A New Approach for Evaluating the Performance of Distributed Latency-Sensitive Services

Theodoros Theodoropoulos,John Violos,Antonios Makris,Konstantinos Tserpes
2024-05-01
Abstract:Conventional latency metrics are formulated based on a broad definition of traditional monolithic services, and hence lack the capacity to address the complexities inherent in modern services and distributed computing paradigms. Consequently, their effectiveness in identifying areas for improvement is restricted, falling short of providing a comprehensive evaluation of service performance within the context of contemporary services and computing paradigms. More specifically, these metrics do not offer insights into two critical aspects of service performance: the frequency of latency surpassing specified Service Level Agreement (SLA) thresholds and the time required for latency to return to an acceptable level once the threshold is exceeded. This limitation is quite significant in the frame of contemporary latency-sensitive services, and especially immersive services that require deterministic low latency that behaves in a consistent manner. Towards addressing this limitation, the authors of this work propose 5 novel latency metrics that when leveraged alongside the conventional latency metrics manage to provide advanced insights that can be potentially used to improve service performance. The validity and usefulness of the proposed metrics in the frame of providing advanced insights into service performance is evaluated using a large-scale experiment.

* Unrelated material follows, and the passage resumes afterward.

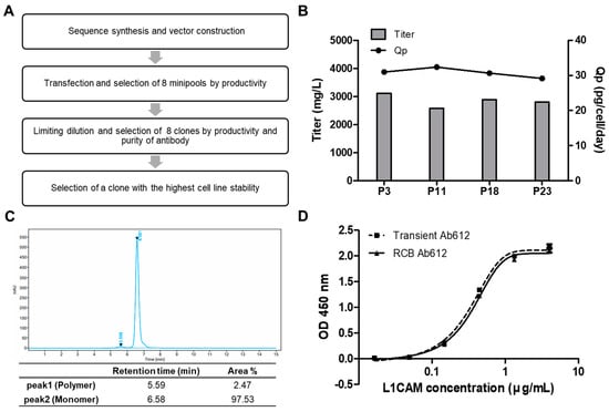 (A) Schematic diagram showing the generation of a research cell bank (RCB). (B) Ab612 titer was measured to assess the expression level, and Qp was calculated as PCD = (pg/cell/day) using PA-HPLC. (C) The purity of Ab612 produced from the RCB was analyzed by SEC-HPLC after purification. (D) Ag binding activity was determined by sandwich ELISA.

Distributed, Parallel, and Cluster Computing
What problem does this paper attempt to address?
The paper attempts to address the inadequacies of existing latency metrics in evaluating the performance of modern distributed latency-sensitive services. These traditional metrics are based on a broad definition of conventional monolithic services and fail to adequately address the complexities in modern services and distributed computing paradigms. Specifically, they have limitations in two key aspects: 1. **Inability to reflect the frequency of latency exceeding specified Service Level Agreement (SLA) thresholds**: This refers to the frequency of occurrences where latency surpasses the predetermined standards in the system. 2. **Inability to reflect the time required to recover to an acceptable level after latency exceeds the threshold**: This refers to how long it takes for the system to return to normal after the latency exceeds the threshold. These two shortcomings are particularly important for modern latency-sensitive services, especially immersive services requiring deterministic low latency (such as Extended Reality (XR) and Massively Multiplayer Mobile Games (MMG)). Therefore, the paper proposes a new approach by introducing five new latency metrics based on fault tolerance to compensate for the deficiencies of existing metrics, thereby providing deeper insights into service performance and helping to optimize service performance. These new metrics can evaluate the stability and response time of services at a more granular level, especially in the face of high loads and sudden demands.